[ASSIGNED TASK]: A faithful transcription of all the entries below is needed, without the pictures.

--- THE DATA ---

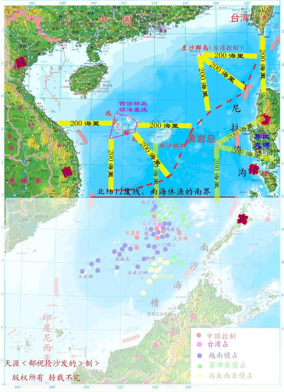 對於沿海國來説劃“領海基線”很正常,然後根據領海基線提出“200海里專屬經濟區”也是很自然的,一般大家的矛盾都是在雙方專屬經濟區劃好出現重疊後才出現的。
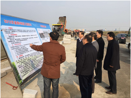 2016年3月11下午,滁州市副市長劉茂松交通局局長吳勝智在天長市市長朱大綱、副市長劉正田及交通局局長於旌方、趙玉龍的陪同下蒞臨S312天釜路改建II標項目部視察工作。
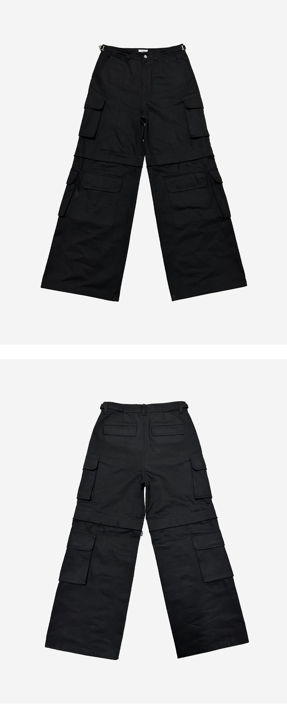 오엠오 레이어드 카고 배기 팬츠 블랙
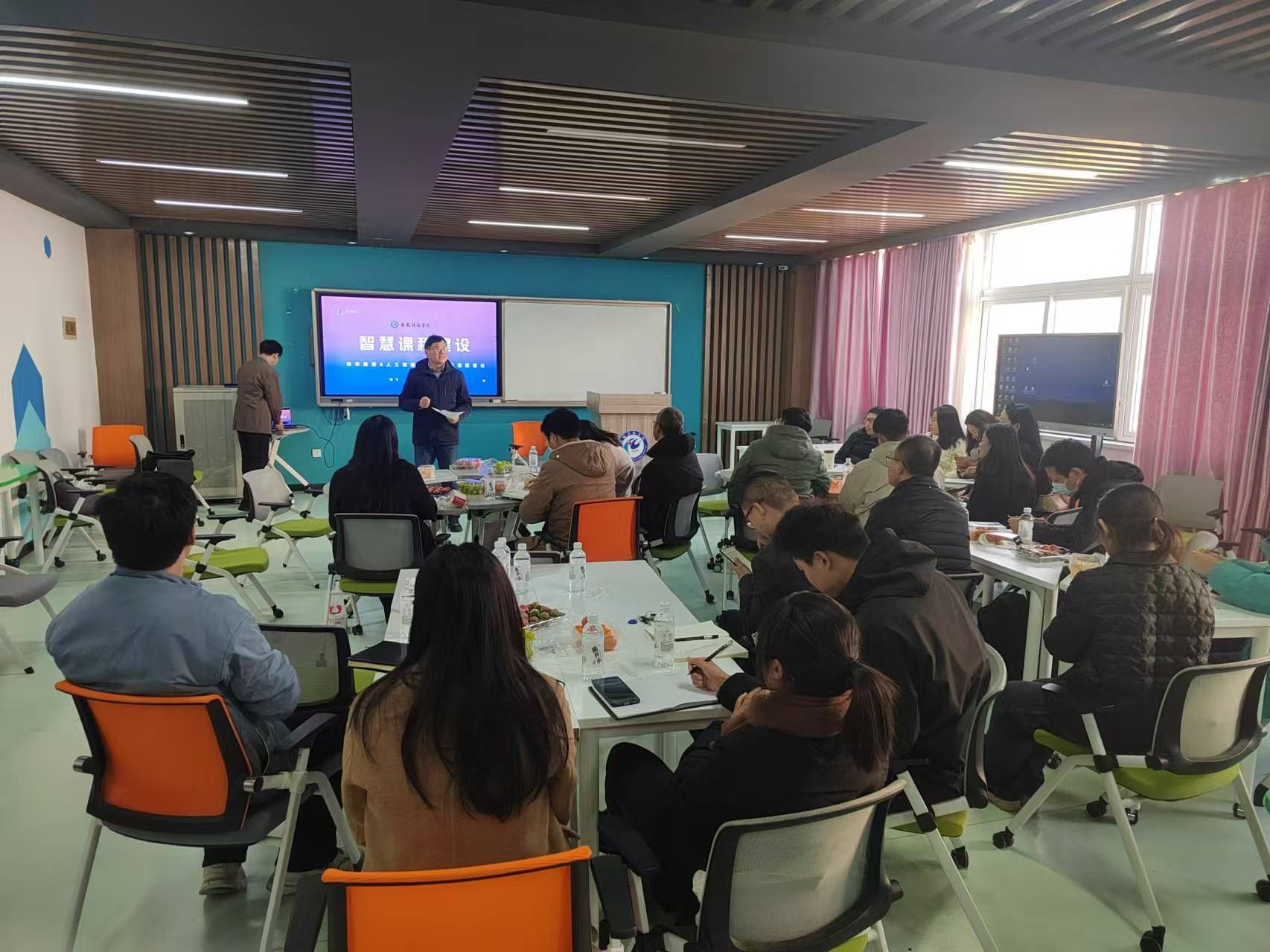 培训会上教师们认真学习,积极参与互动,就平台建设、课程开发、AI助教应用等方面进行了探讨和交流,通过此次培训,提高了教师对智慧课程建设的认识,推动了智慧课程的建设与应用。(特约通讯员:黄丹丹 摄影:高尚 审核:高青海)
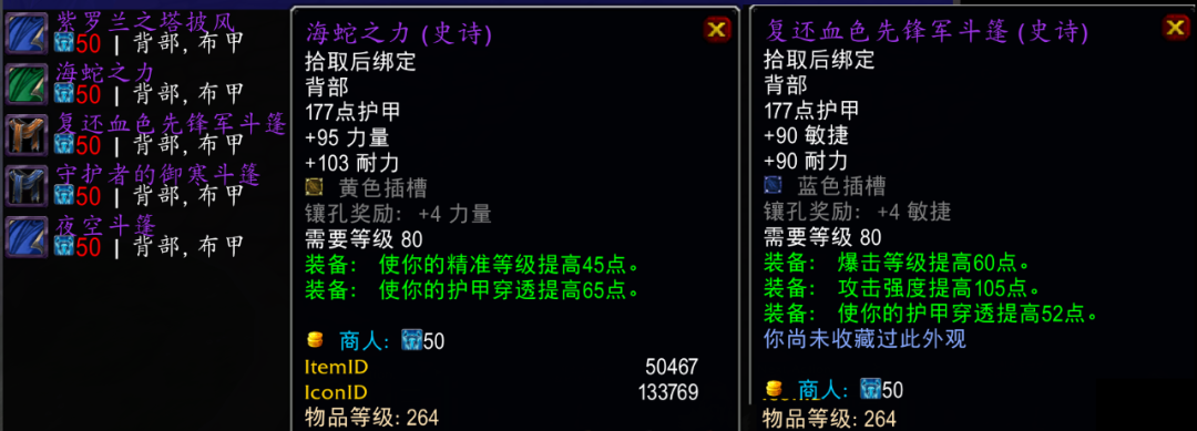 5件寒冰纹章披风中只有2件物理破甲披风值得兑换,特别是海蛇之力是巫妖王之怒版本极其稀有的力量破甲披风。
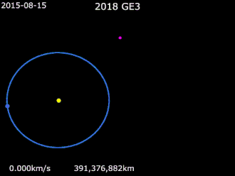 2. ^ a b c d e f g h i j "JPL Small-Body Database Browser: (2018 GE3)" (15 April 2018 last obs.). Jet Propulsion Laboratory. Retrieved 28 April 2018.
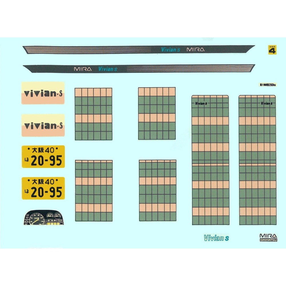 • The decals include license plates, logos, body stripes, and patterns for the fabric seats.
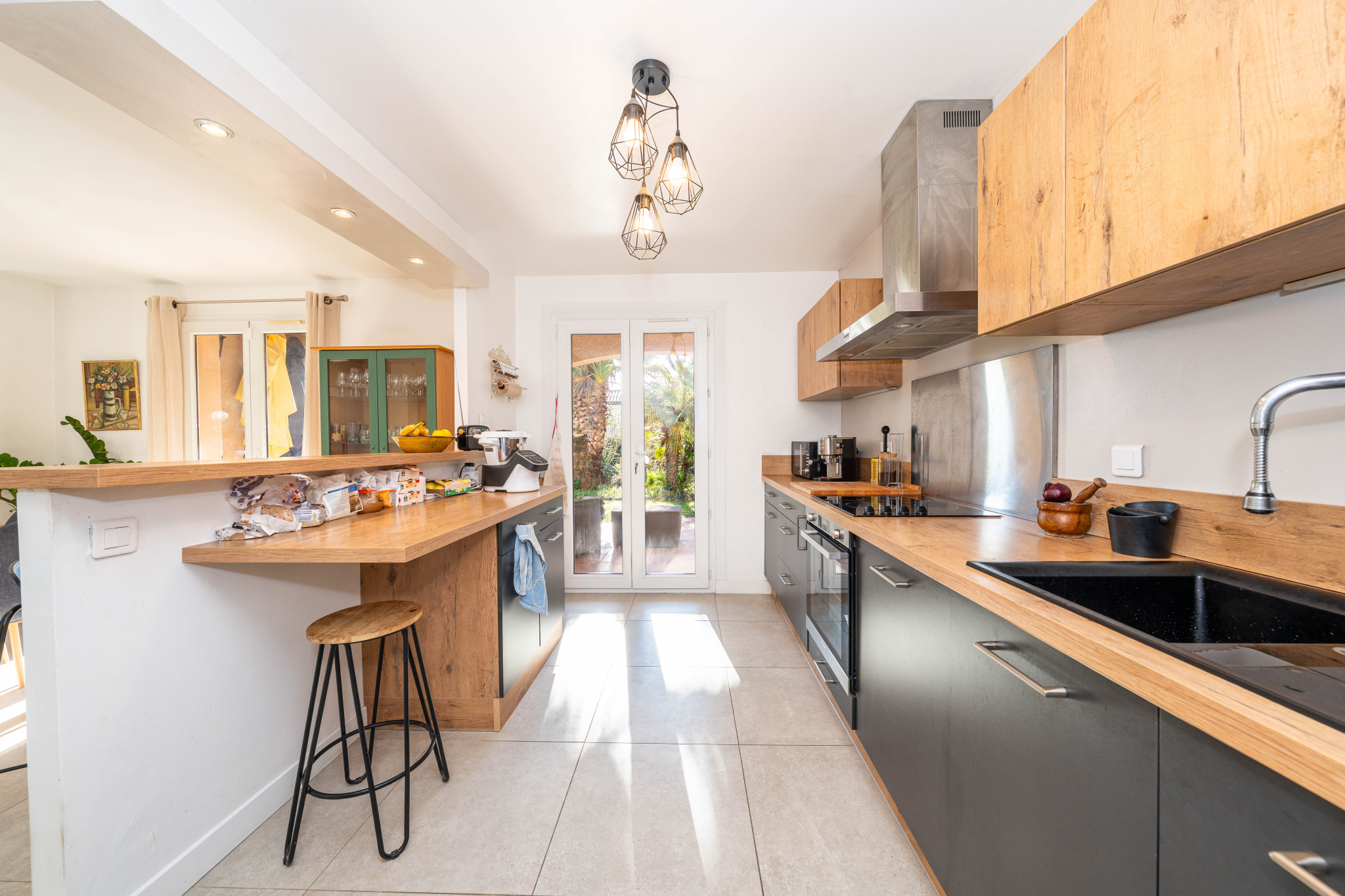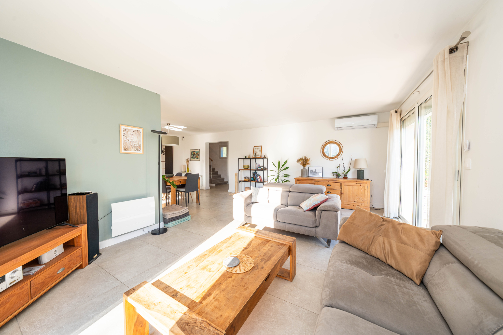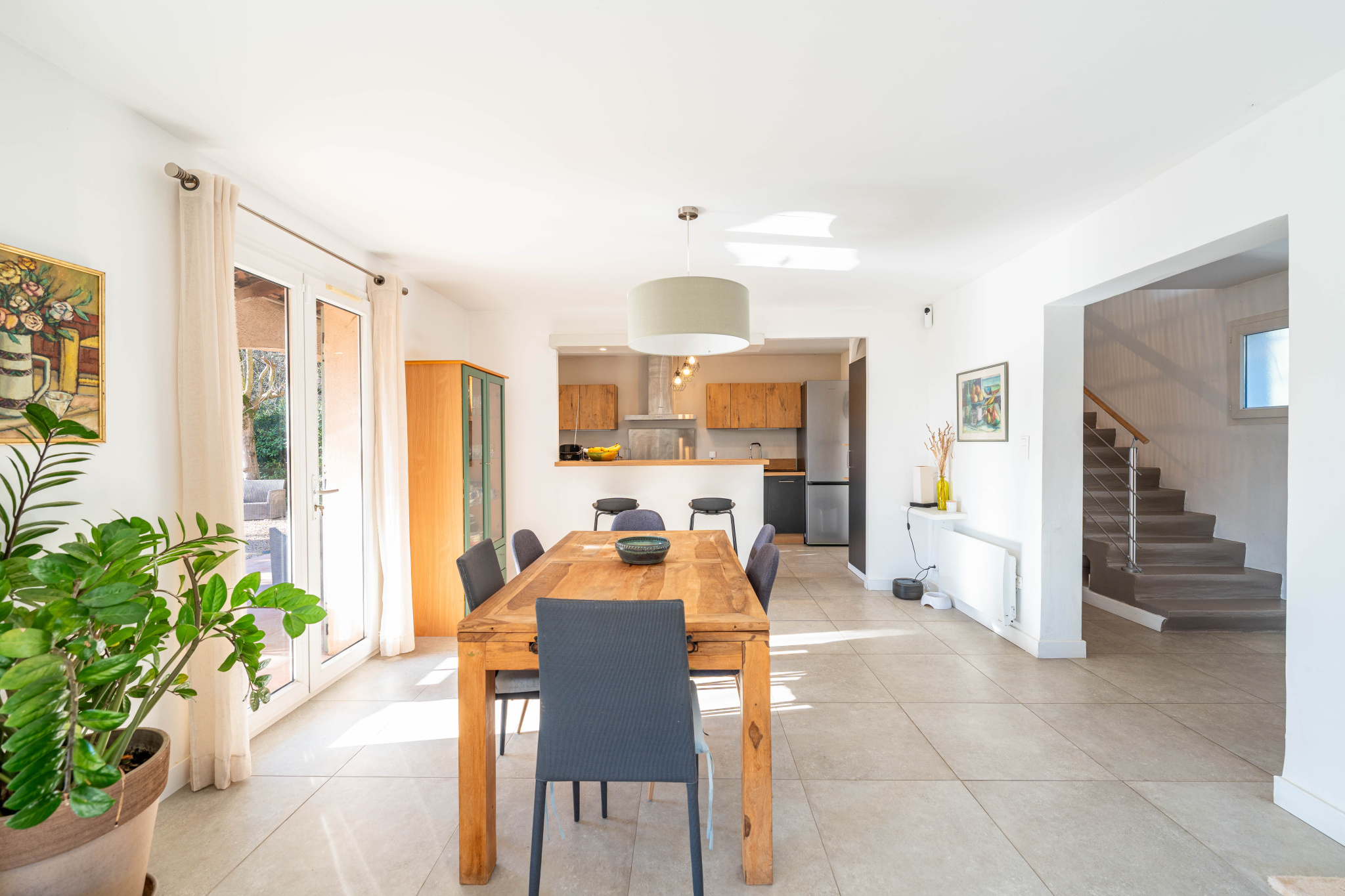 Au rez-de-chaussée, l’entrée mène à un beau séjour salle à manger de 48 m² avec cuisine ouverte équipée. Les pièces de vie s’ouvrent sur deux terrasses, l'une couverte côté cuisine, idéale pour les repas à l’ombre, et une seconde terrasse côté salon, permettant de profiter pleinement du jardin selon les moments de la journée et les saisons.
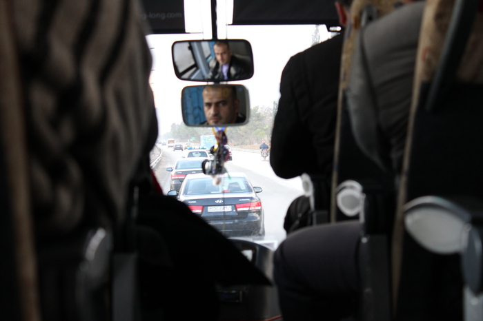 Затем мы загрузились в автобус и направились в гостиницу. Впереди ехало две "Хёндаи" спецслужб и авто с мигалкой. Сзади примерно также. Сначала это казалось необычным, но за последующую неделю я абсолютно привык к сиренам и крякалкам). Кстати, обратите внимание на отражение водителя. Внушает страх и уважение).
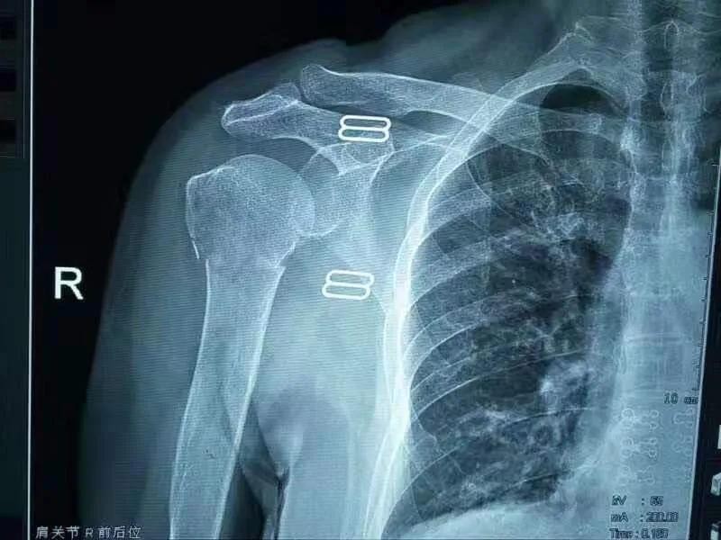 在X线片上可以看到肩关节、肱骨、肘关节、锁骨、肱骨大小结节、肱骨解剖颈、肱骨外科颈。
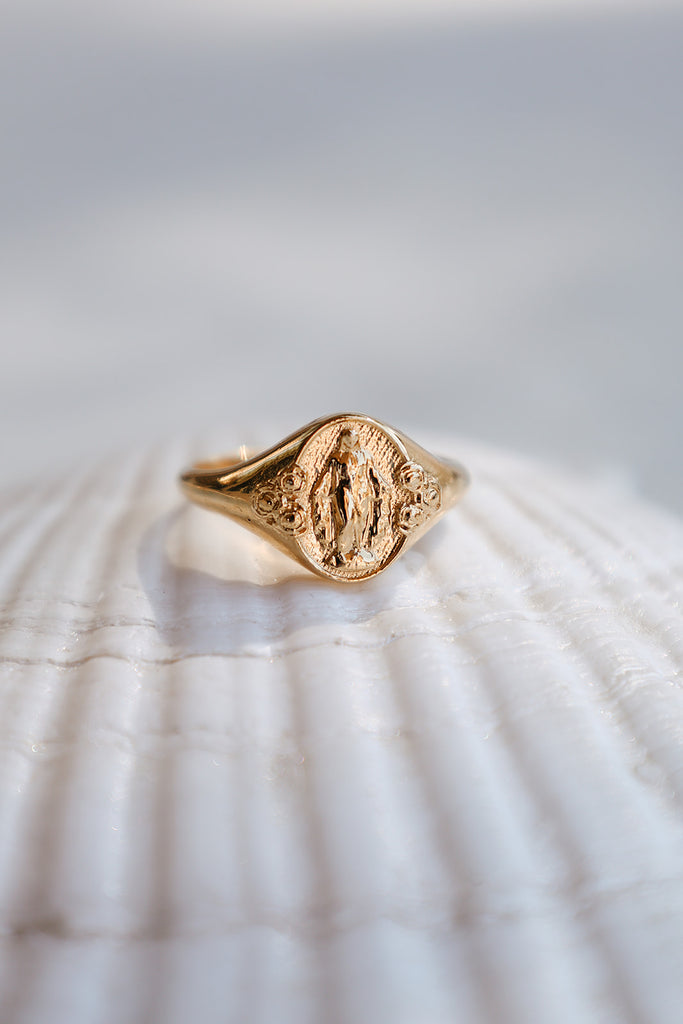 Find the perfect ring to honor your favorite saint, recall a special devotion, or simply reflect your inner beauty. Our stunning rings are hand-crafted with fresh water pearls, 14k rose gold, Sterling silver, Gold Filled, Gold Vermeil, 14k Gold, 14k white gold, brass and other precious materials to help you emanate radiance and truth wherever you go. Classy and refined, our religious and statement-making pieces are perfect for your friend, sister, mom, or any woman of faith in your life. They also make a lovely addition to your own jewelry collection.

---

[SOLUTION BELOW]:
 對於沿海國來説劃“領海基線”很正常,然後根據領海基線提出“200海里專屬經濟區”也是很自然的,一般大家的矛盾都是在雙方專屬經濟區劃好出現重疊後才出現的。
 2016年3月11下午,滁州市副市長劉茂松交通局局長吳勝智在天長市市長朱大綱、副市長劉正田及交通局局長於旌方、趙玉龍的陪同下蒞臨S312天釜路改建II標項目部視察工作。
 오엠오 레이어드 카고 배기 팬츠 블랙
 培训会上教师们认真学习,积极参与互动,就平台建设、课程开发、AI助教应用等方面进行了探讨和交流,通过此次培训,提高了教师对智慧课程建设的认识,推动了智慧课程的建设与应用。(特约通讯员:黄丹丹 摄影:高尚 审核:高青海)
 5件寒冰纹章披风中只有2件物理破甲披风值得兑换,特别是海蛇之力是巫妖王之怒版本极其稀有的力量破甲披风。
 2. ^ a b c d e f g h i j "JPL Small-Body Database Browser: (2018 GE3)" (15 April 2018 last obs.). Jet Propulsion Laboratory. Retrieved 28 April 2018.
 • The decals include license plates, logos, body stripes, and patterns for the fabric seats.
 Au rez-de-chaussée, l’entrée mène à un beau séjour salle à manger de 48 m² avec cuisine ouverte équipée. Les pièces de vie s’ouvrent sur deux terrasses, l'une couverte côté cuisine, idéale pour les repas à l’ombre, et une seconde terrasse côté salon, permettant de profiter pleinement du jardin selon les moments de la journée et les saisons.
 Затем мы загрузились в автобус и направились в гостиницу. Впереди ехало две "Хёндаи" спецслужб и авто с мигалкой. Сзади примерно также. Сначала это казалось необычным, но за последующую неделю я абсолютно привык к сиренам и крякалкам). Кстати, обратите внимание на отражение водителя. Внушает страх и уважение).
 在X线片上可以看到肩关节、肱骨、肘关节、锁骨、肱骨大小结节、肱骨解剖颈、肱骨外科颈。
 Find the perfect ring to honor your favorite saint, recall a special devotion, or simply reflect your inner beauty. Our stunning rings are hand-crafted with fresh water pearls, 14k rose gold, Sterling silver, Gold Filled, Gold Vermeil, 14k Gold, 14k white gold, brass and other precious materials to help you emanate radiance and truth wherever you go. Classy and refined, our religious and statement-making pieces are perfect for your friend, sister, mom, or any woman of faith in your life. They also make a lovely addition to your own jewelry collection.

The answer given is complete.